San Francisco-founded Boichik Bagels now operates a storefront and bagel factory in Los Feliz.
(Stephanie Breijo / Los Angles Times)
“A bagel renaissance is boiling over in Los Angeles,” writes senior food editor Danielle Dorsey. Since we first published our guide to L.A.’s best bagels in 2023, even more shops and regional styles have emerged, from out-of-towners looking for a foothold in our increasingly competitive bagel town (Bagel Boss, Boichik) to the Highland Park pop-up Mustard’s Bagels, which regularly sells out of its 72-hour-fermented sourdough bagels. Dorsey, Addison, Hallock, Stephanie Breijo, Jenn Harris and Sarah Mosqueda all contributed to the updated guide. My everyday bagel — which I used to find at Altadena Beverage and Market until the Eaton fire shut it down (it’s still standing but has yet to raise enough money to reopen) — is the properly dense poppy seed bagel with scallion cream cheese from Maury’s Bagels in Silver Lake.
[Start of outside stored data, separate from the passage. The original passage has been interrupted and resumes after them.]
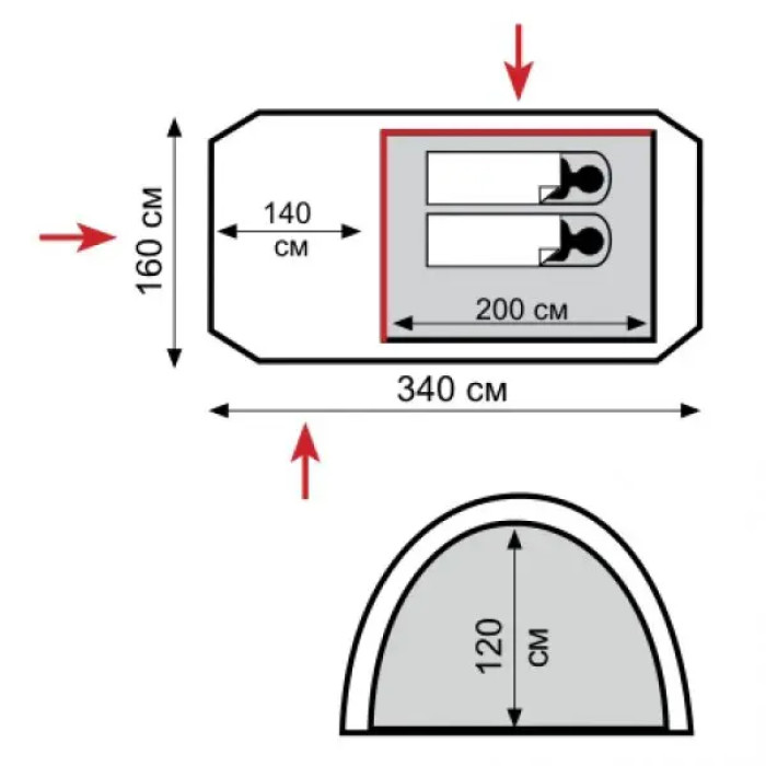 - Тент: 100% поліестер 75D190T RipStop, PU 4000 мм в. ст.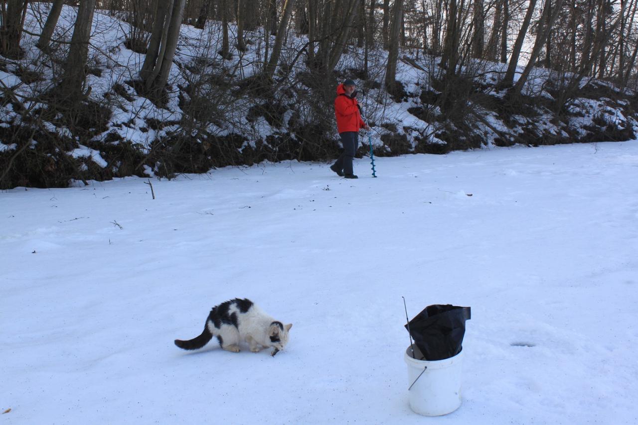 • Прогулялись сегодня с Игорем по домашним водоемам. Погодка супер. На Дубровском десятка три окушков взяли. Потом переехали на Вячу. Фотоаппарат не доставал покуда не появилась местная рыбачка.(кошка) И пару фото.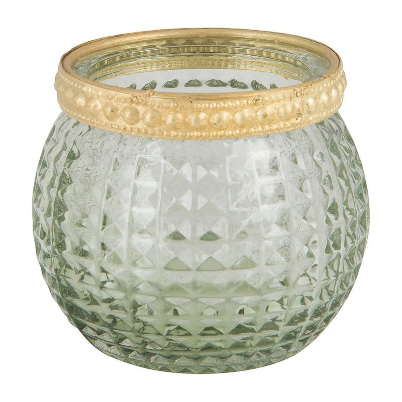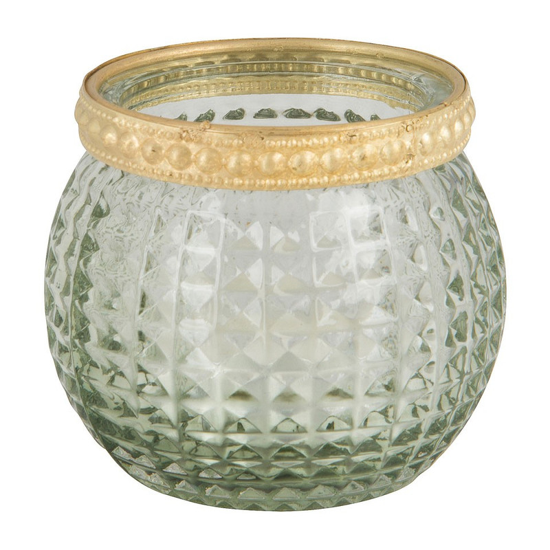Met deze kleine groene theelichthouder met goudkleurig randje creëer je sfeer in huis. Met deze glazen waxinelichthouder wordt het nog sfeervoller in huis. De glazen waxinelichthouder heeft als extra decoratie een kleine metalen sierrand aan de bovenkant. De theelichthouder is verkrijgbaar in diverse kleuren en stijlen. De afmeting van de houder is 6x6 cm en gemaakt van glas.

It’s worth the drive from Pasadena to Silver Lake.
More in restaurants:
Feel-good soups

Carolynn Carreno’s lentil and kale soup, tuscan vegetable soup, lentil and kale soup and broccoli-fennel soup.
(Rebecca Peloquin / For The Times)
About this time a year ago, Michelle Huneven wrote about her “soup for dinner” diet with some incredible recipes. This year Carolynn Carreño came through with a new batch of fantastic soup recipes that we couldn’t stop eating when she came to the Times Test Kitchen to make them. There was lentil and kale soup with crunchy, buttery croutons; broccoli-fennel soup inspired, Carreño says, by one that Gino Angelini makes at Osteria Angelini; and an Italian winter vegetable soup with kale, rutabaga, carrots, fennel, crushed tomatoes and beans plus Parmesan rind for umami. As we head to spring on this chilly weekend, soup sounds exactly right.